How can we improve this code? Our analysis function is really doing three things:

  1. Creating fake data
  2. Calculating some statistics
  3. Printing the the status and results

Each of these things can be put in a separate function.


In [ ]:
def generate_fake_data():
    x = [4.1, 2.8, 6.7, 3.5, 7.9, 8.0, 2.1, 6.3, 6.6, 4.2, 1.5]
    y = [2.2, 5.3, 6.3, 2.4, 0.1, 0.67, 7.8, 9.1, 7.1, 4.9, 5.1]
    data = list(zip(x, y))
    data.sort()
    return data

def calculate_mean_and_stddev(xy_data):
    y_sum = 0
    xy_sum = 0
    xxy_sum = 0
    for xx, yy in xy_data:
        y_sum += xx
        xy_sum += xx*yy
        xxy_sum += xx*xx*yy
    xbar = xy_sum / y_sum
    x2bar = xxy_sum/y_sum
    std_dev = (x2bar - xbar**2)**0.5
    return xbar, std_dev

def generate_data_and_compute_statistics():
    data = generate_fake_data()
    mean, std_dev = calculate_mean_and_stddev(data)
    print("Mean:   ", mean)
    print("Std Dev:", std_dev)

generate_data_and_compute_statistics()

We note three important results of this code restructuring:

  1. It is much easier to tell at a glance what analyze() does.
  2. The comments (which we used to organize our code before) are no longer needed.
  3. generate_fake_data() and calculate_mean_and_stddev() can now be reused elsewhere.

Functions should do one thing

A useful principle for guiding the creation of functions is that functions should do one thing.

In the previous section, our large analysis() function was doing several things, so we broke it up into smaller functions.
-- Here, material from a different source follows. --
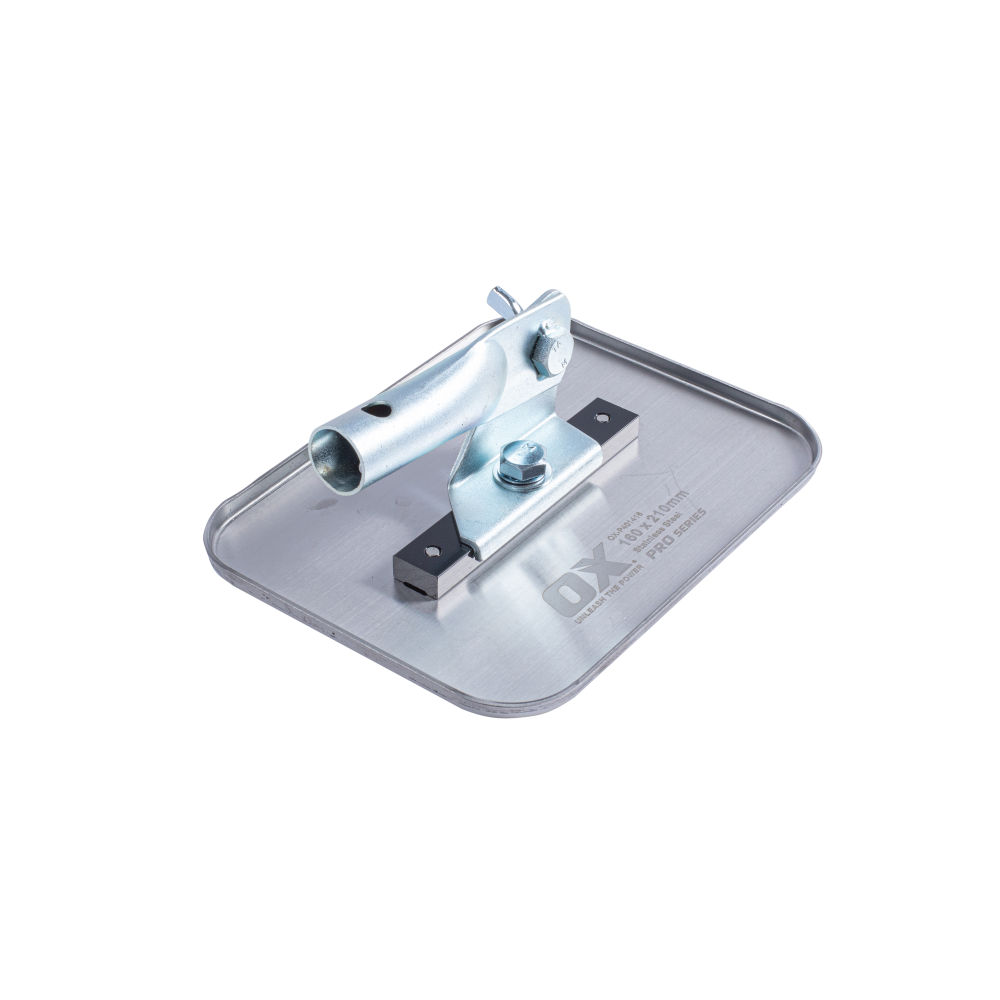 Built with the tradesman in mind, the OX Pro Walking Float stands as a testament to professional-grade quality. Crafted meticulously to meet high industry standards, this float features a high-grade stainless steel blade that ensures exceptional durability and performance across various concrete finishing applications. Its robust construction enables smooth and precise floating of concrete surfaces, promoting a superior finish with each use. The inclusion of a fixed standing bracket enhances its usability, allowing for convenient attachment to handles or poles, and offering stability and control during concrete finishing tasks. The combination of quality materials and thoughtful design makes this walking float an essential tool for professionals seeking reliability and efficiency in achieving impeccable concrete finishes on job sites.

Notice that calculate_mean_and_stddev() does two things. Should we break it up into two functions, calculate_mean() and calculate_stddev()?

The answer depends on two things:

  1. Will you ever want to calculate the mean and standard deviation separately?
  2. Will splitting the function result in a large amount of duplicated code?

Functions should do what they claim to do

Avoid cases where a function does more than what you would expect it to do.

For example, this function claims to just write data to a file; however, it also modifies the data!


In [ ]:
def write_data_to_file(data, filename='data.dat'):
    with open(filename, 'w') as f:
        data *= 2
        f.write(data)

Try to imagine a much larger code where you have a factor of two introduced, and you can't figure out where it came from. Then try to imagine searching a large code for the number 2.

Exceptions

Exceptions are a mechanism for handling errors. Traditionally, errors were handled with return codes, like this:


In [ ]:
def example_only_does_not_work():
    fin = open('does_not_exist.txt', 'r')
    if not fin:
        return -1
    # ... do stuff with file
    fin.close()
    return 0

This kind of code is problematic for a few reasons:

  1. The return codes (and therefore errors) can be ignored/forgotten.
  2. The return code must be either checked by the function that calls it, or explicitly passed to higher level functions.
  3. Return codes are generally integers, so they must be looked up in a table. They also can't provide any specific details.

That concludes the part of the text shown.